### [WORK TO BE COMPLETED]
Drop the pictures; give again exactly the lines from the one holding "1歳児こあら組では、見立て遊" through the end of the data.

------ DATASET EXTRACT

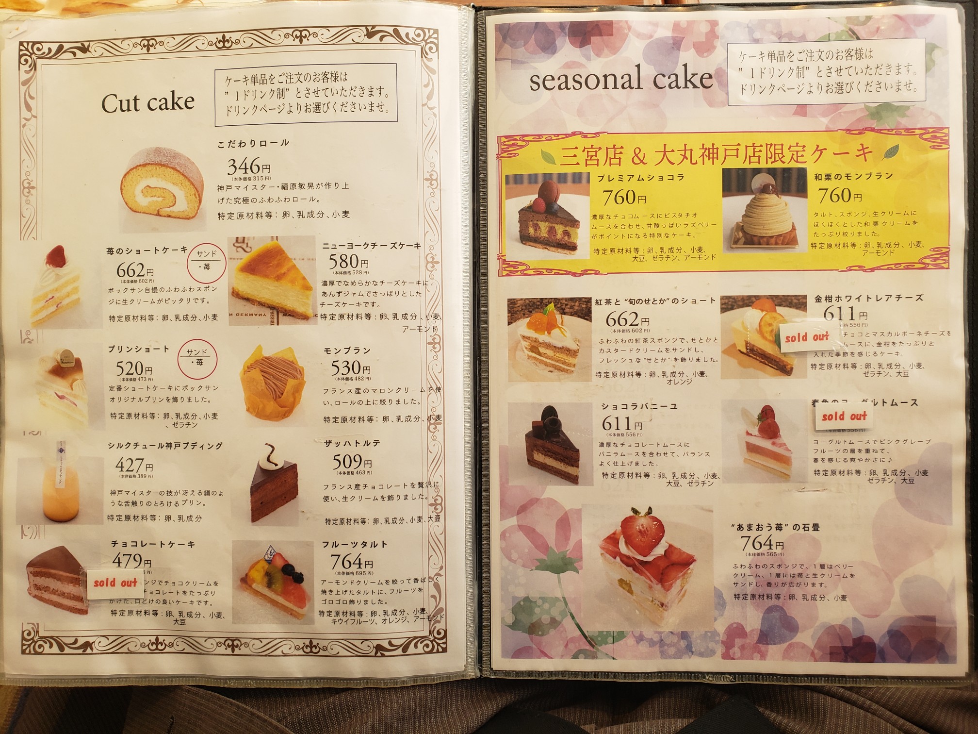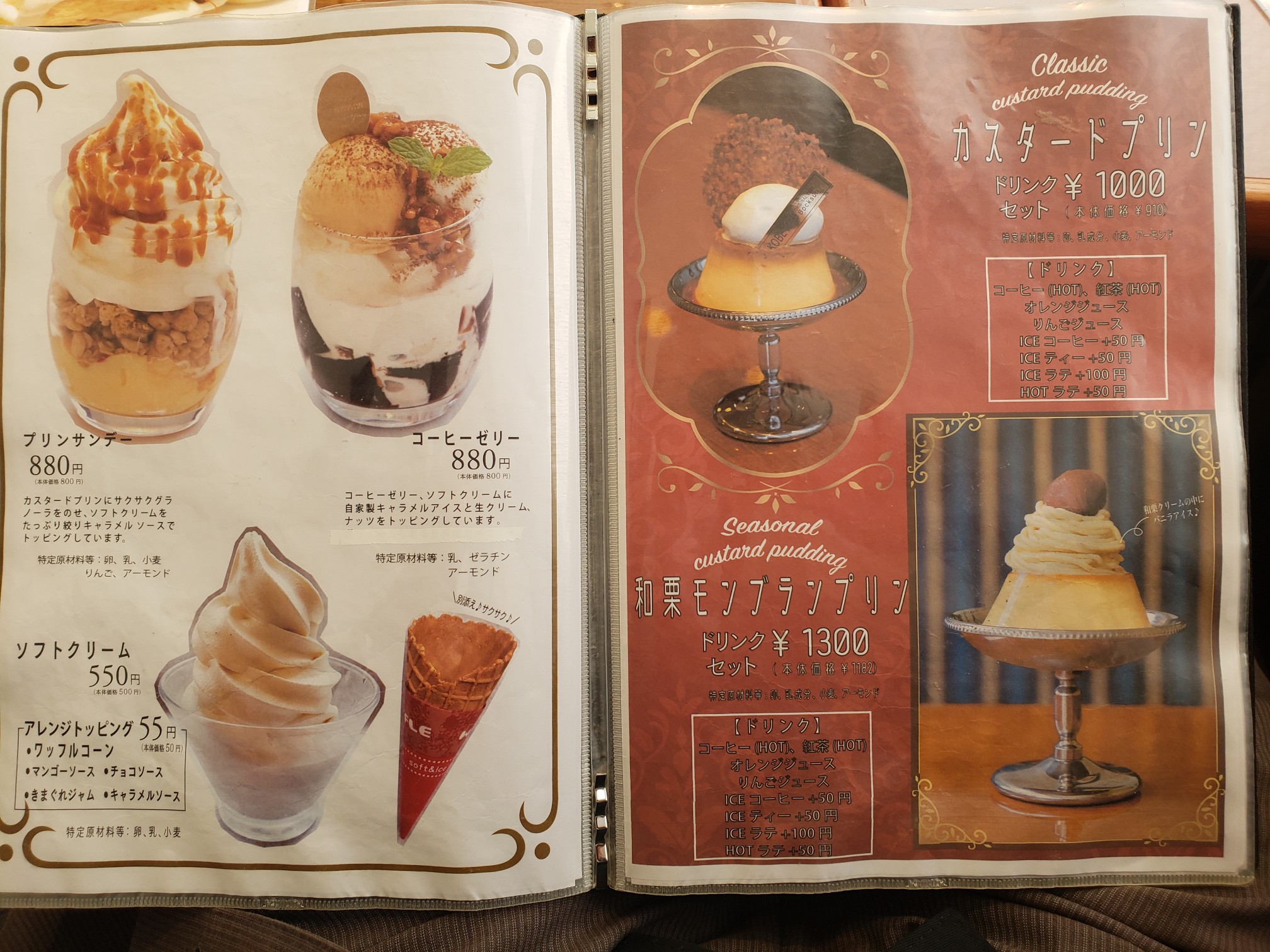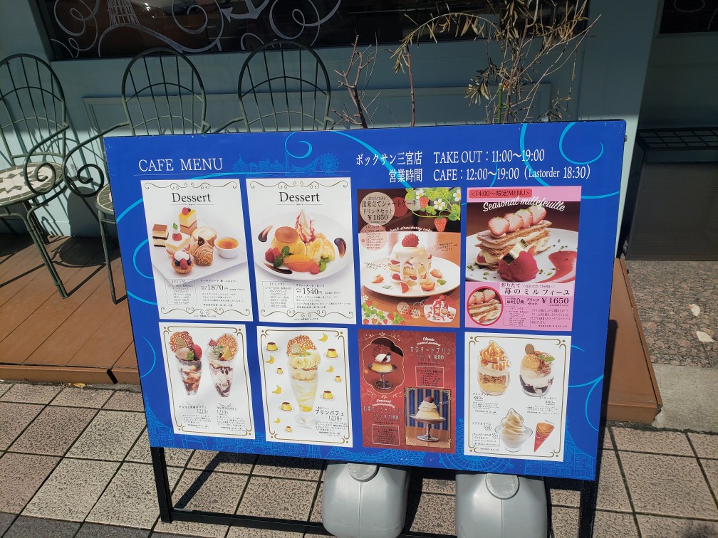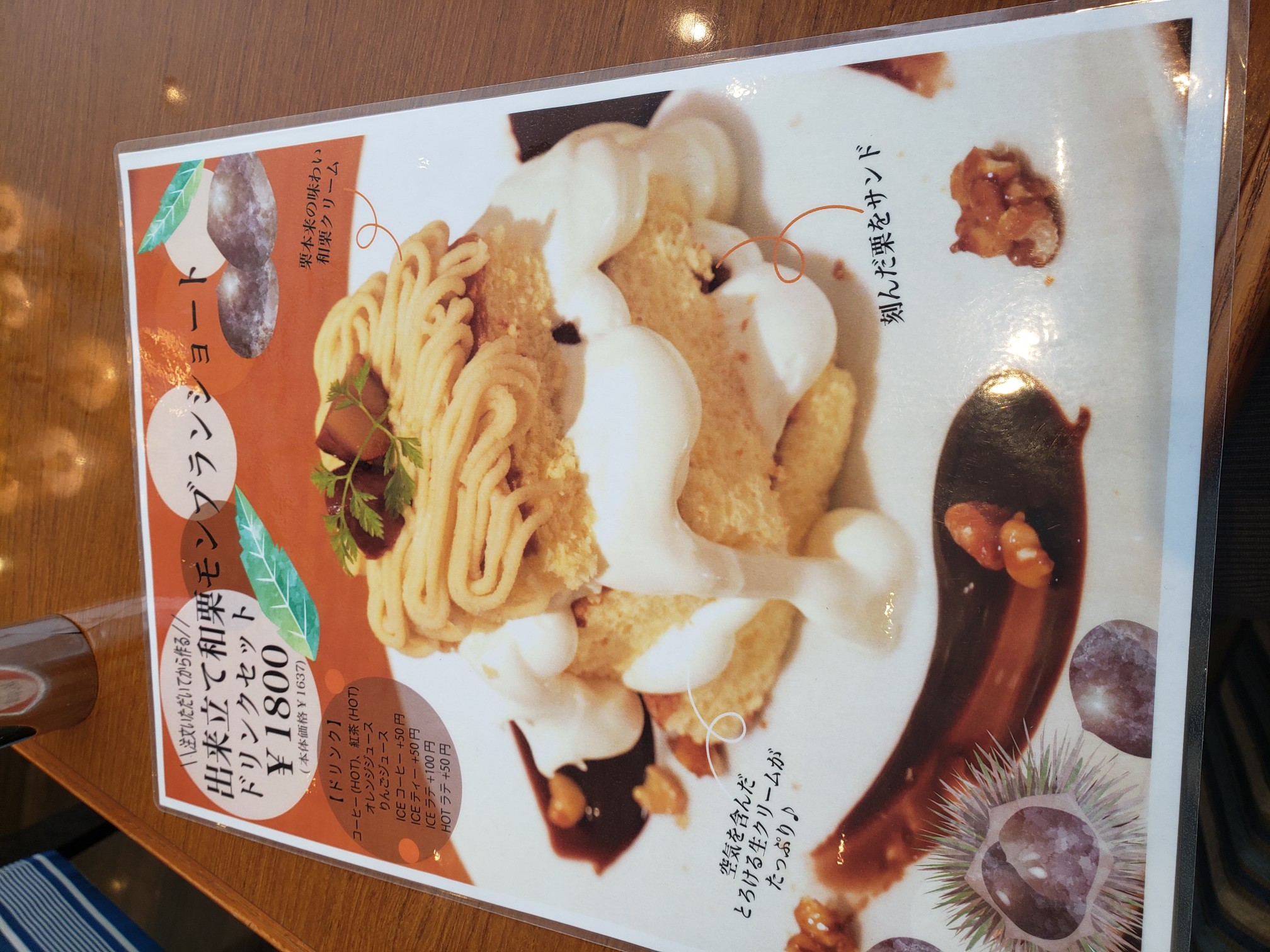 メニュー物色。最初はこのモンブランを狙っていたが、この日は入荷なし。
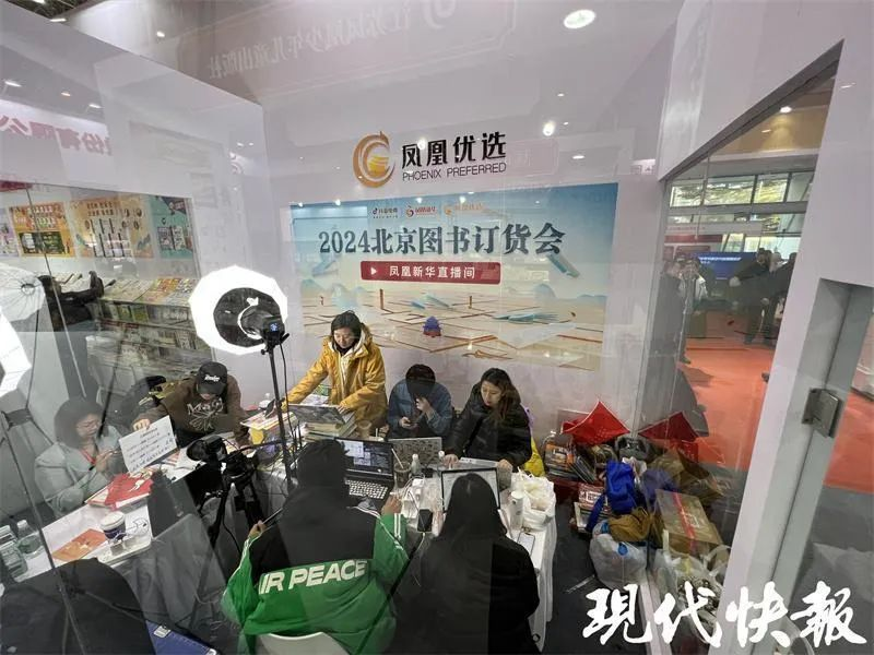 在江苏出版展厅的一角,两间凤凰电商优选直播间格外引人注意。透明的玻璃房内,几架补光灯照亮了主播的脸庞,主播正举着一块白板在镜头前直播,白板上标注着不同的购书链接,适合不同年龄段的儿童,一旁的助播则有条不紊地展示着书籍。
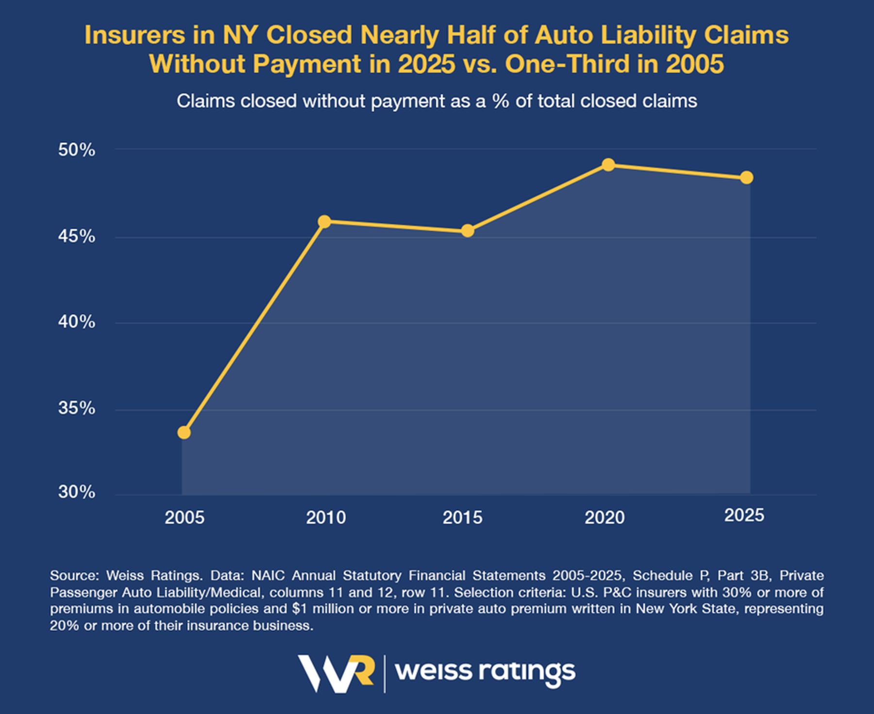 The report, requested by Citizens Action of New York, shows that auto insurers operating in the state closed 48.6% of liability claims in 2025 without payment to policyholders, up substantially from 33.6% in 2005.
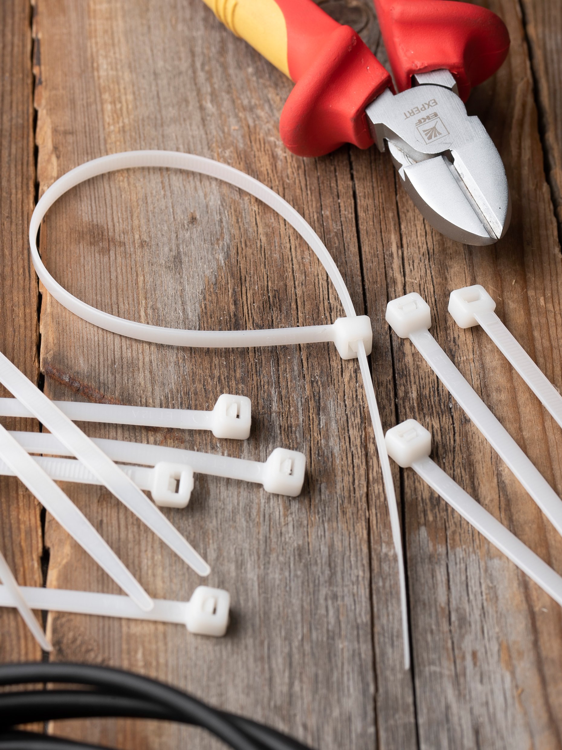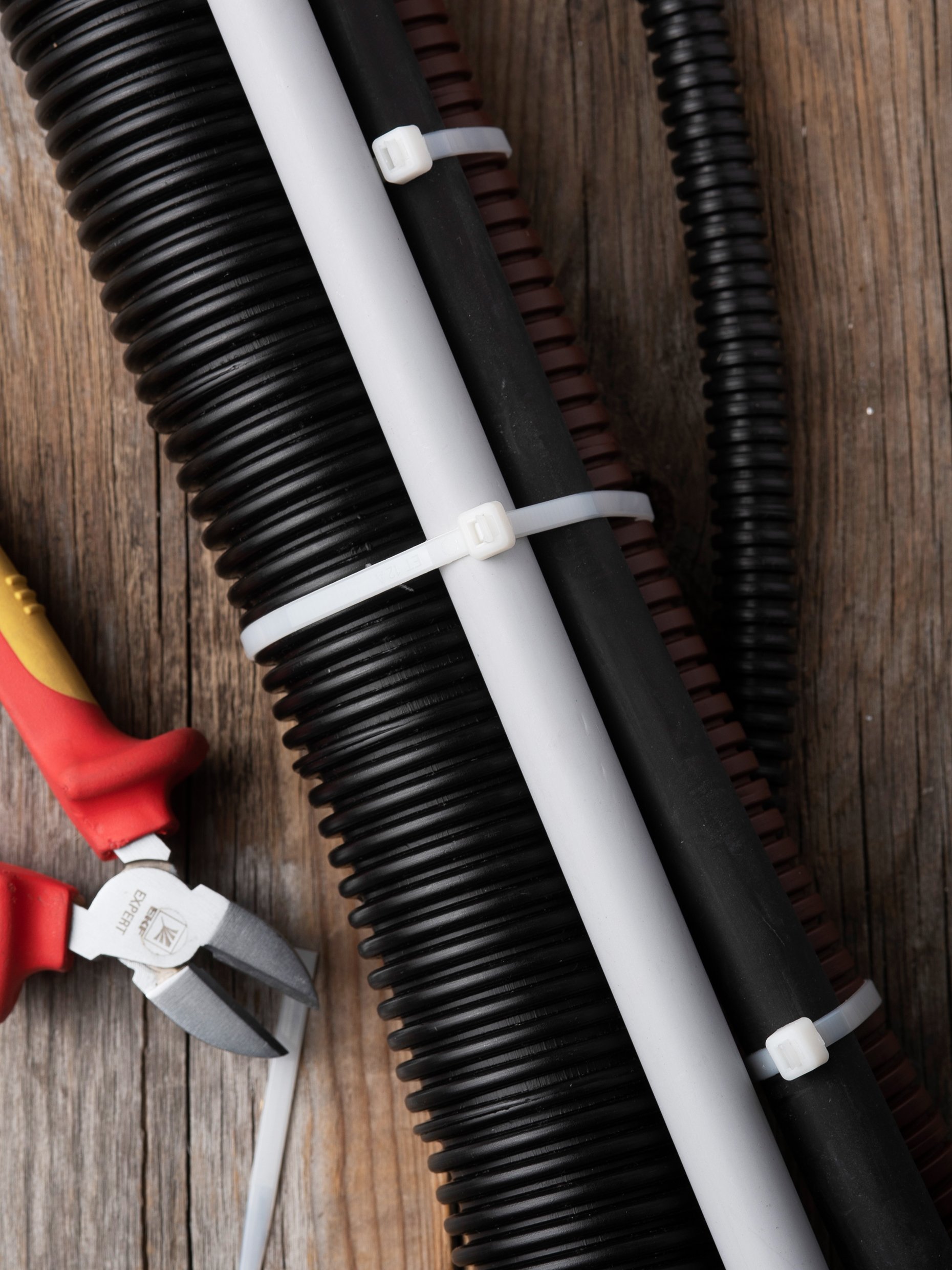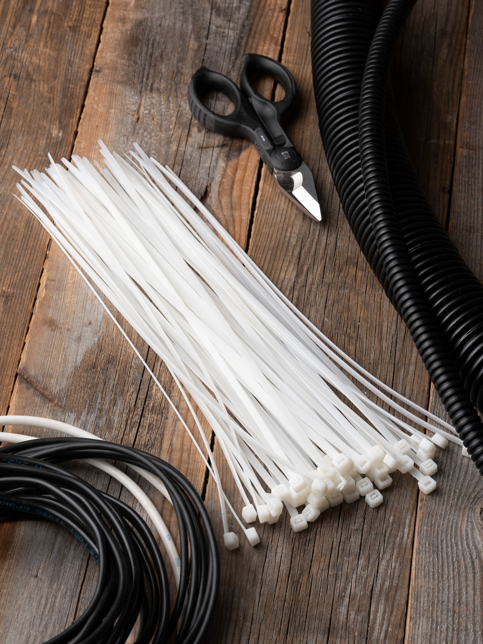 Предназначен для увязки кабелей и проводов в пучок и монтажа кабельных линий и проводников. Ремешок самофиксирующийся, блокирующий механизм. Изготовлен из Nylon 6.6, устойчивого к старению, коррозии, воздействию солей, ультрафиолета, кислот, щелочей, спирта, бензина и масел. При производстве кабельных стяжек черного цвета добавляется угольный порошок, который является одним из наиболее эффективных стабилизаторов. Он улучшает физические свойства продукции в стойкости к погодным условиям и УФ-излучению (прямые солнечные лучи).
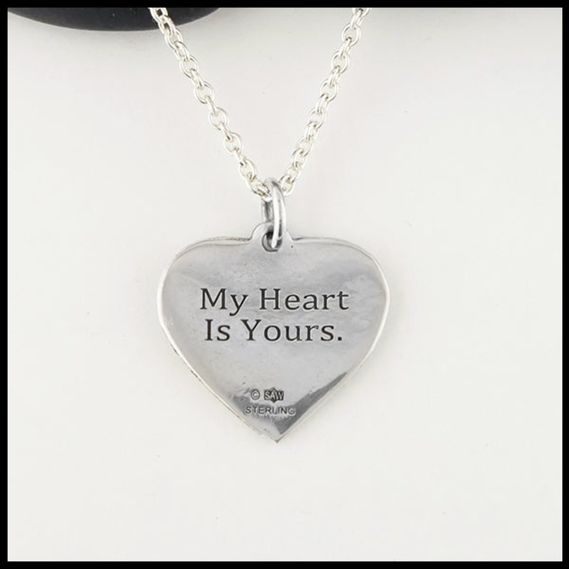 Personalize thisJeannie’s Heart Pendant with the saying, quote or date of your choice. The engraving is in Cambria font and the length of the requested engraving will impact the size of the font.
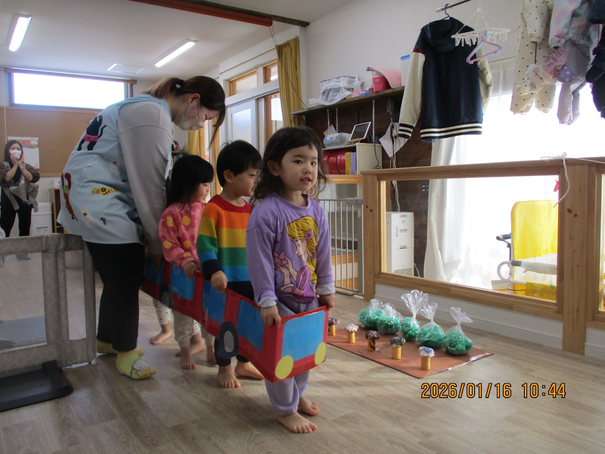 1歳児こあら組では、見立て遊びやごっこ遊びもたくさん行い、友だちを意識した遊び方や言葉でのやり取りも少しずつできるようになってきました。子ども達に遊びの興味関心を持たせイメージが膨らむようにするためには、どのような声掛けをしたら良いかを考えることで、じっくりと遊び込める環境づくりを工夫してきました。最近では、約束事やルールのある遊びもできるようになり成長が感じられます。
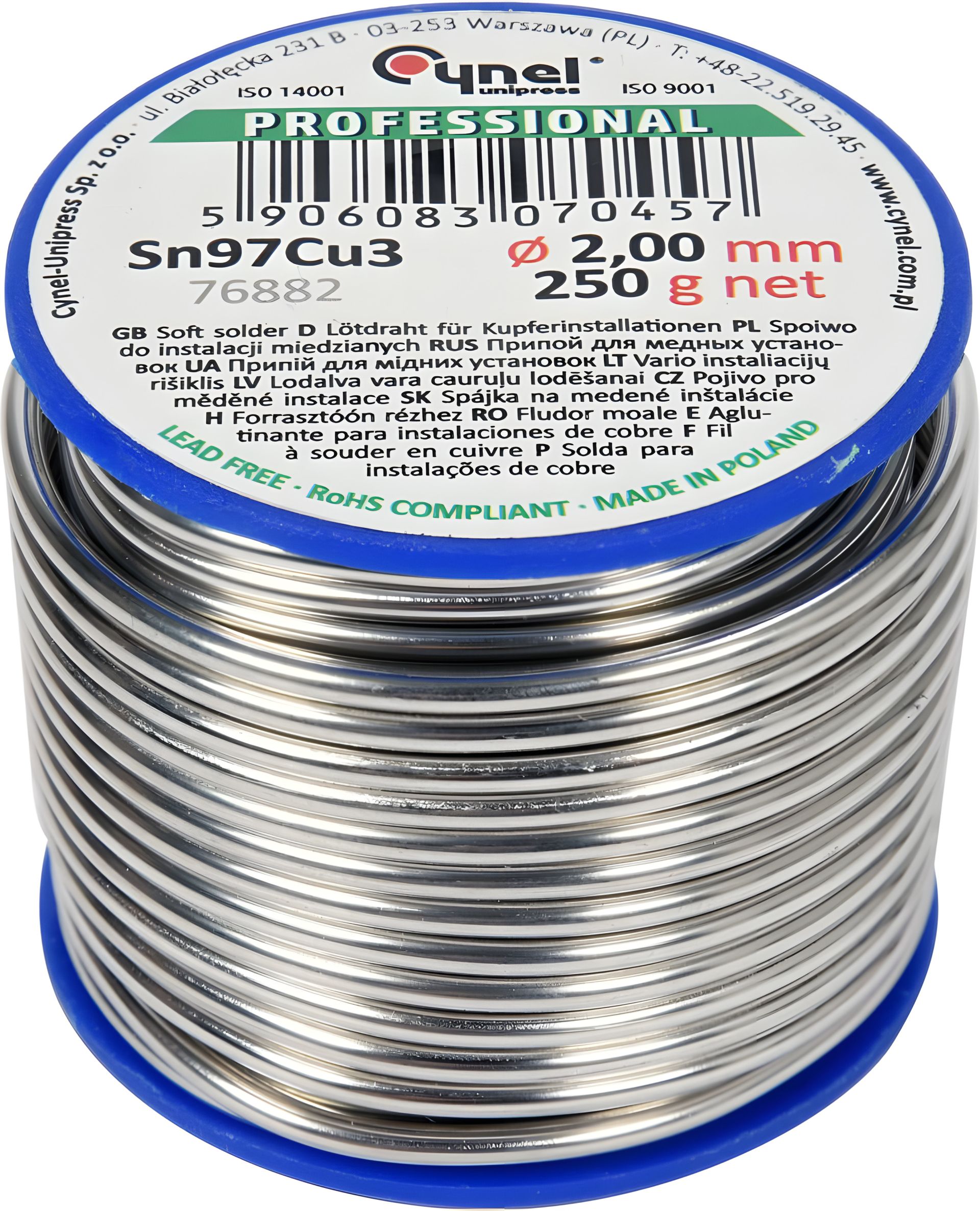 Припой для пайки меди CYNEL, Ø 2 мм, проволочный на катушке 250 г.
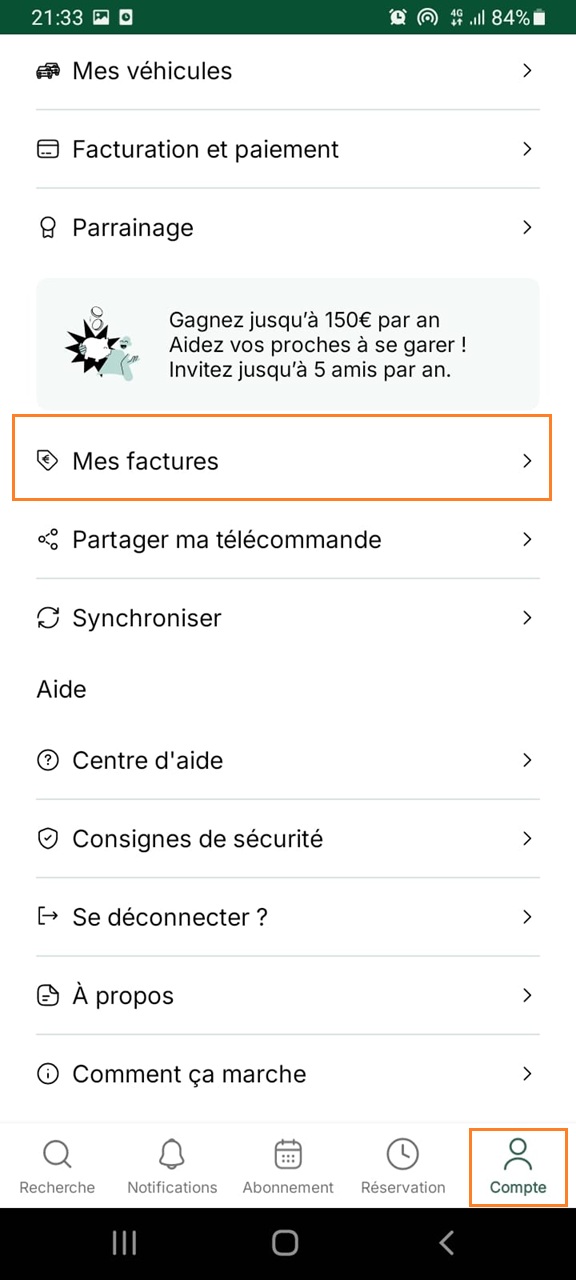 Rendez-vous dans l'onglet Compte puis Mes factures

------------

### [THE ANSWER]
 1歳児こあら組では、見立て遊びやごっこ遊びもたくさん行い、友だちを意識した遊び方や言葉でのやり取りも少しずつできるようになってきました。子ども達に遊びの興味関心を持たせイメージが膨らむようにするためには、どのような声掛けをしたら良いかを考えることで、じっくりと遊び込める環境づくりを工夫してきました。最近では、約束事やルールのある遊びもできるようになり成長が感じられます。
 Припой для пайки меди CYNEL, Ø 2 мм, проволочный на катушке 250 г.
 Rendez-vous dans l'onglet Compte puis Mes factures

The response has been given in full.